Work instruction:
Print every line below exactly. Skip the pictures.

Information supplied:
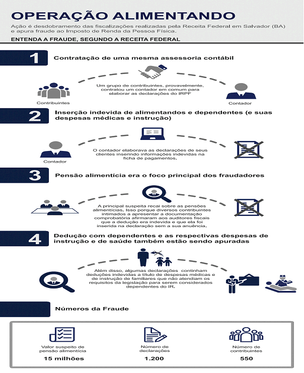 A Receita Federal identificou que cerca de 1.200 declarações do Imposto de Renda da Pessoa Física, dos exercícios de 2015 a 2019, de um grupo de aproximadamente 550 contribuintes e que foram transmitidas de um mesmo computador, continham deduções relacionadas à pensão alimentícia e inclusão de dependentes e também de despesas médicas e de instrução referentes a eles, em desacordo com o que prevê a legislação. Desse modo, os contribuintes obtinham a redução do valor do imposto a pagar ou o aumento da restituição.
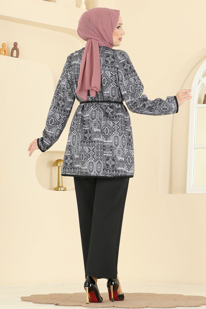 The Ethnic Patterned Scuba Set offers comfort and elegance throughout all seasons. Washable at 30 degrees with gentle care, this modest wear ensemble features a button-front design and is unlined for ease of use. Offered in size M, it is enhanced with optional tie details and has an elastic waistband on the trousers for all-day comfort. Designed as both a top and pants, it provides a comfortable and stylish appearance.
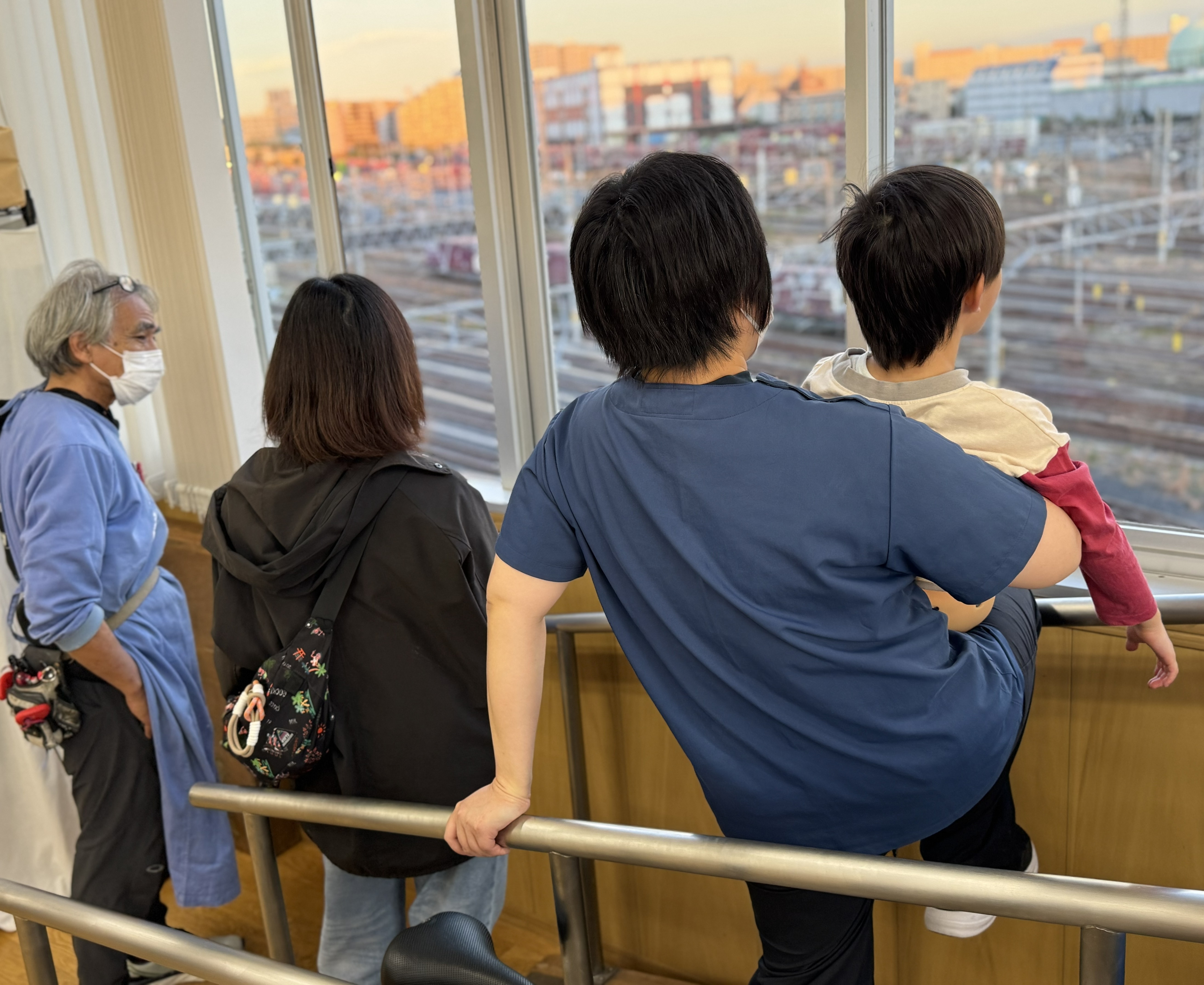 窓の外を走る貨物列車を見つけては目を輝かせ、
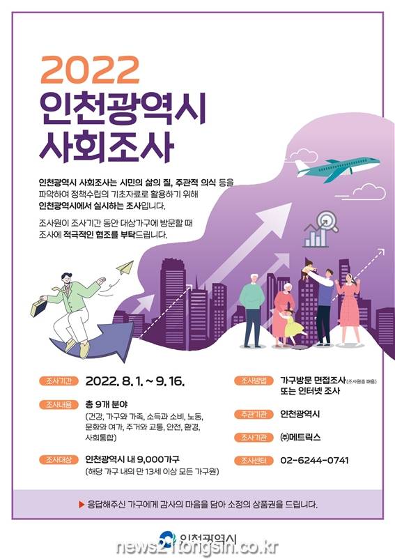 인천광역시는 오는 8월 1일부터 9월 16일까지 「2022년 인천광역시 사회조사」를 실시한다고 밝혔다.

Finished task:
 A Receita Federal identificou que cerca de 1.200 declarações do Imposto de Renda da Pessoa Física, dos exercícios de 2015 a 2019, de um grupo de aproximadamente 550 contribuintes e que foram transmitidas de um mesmo computador, continham deduções relacionadas à pensão alimentícia e inclusão de dependentes e também de despesas médicas e de instrução referentes a eles, em desacordo com o que prevê a legislação. Desse modo, os contribuintes obtinham a redução do valor do imposto a pagar ou o aumento da restituição.
 The Ethnic Patterned Scuba Set offers comfort and elegance throughout all seasons. Washable at 30 degrees with gentle care, this modest wear ensemble features a button-front design and is unlined for ease of use. Offered in size M, it is enhanced with optional tie details and has an elastic waistband on the trousers for all-day comfort. Designed as both a top and pants, it provides a comfortable and stylish appearance.
 窓の外を走る貨物列車を見つけては目を輝かせ、
 인천광역시는 오는 8월 1일부터 9월 16일까지 「2022년 인천광역시 사회조사」를 실시한다고 밝혔다.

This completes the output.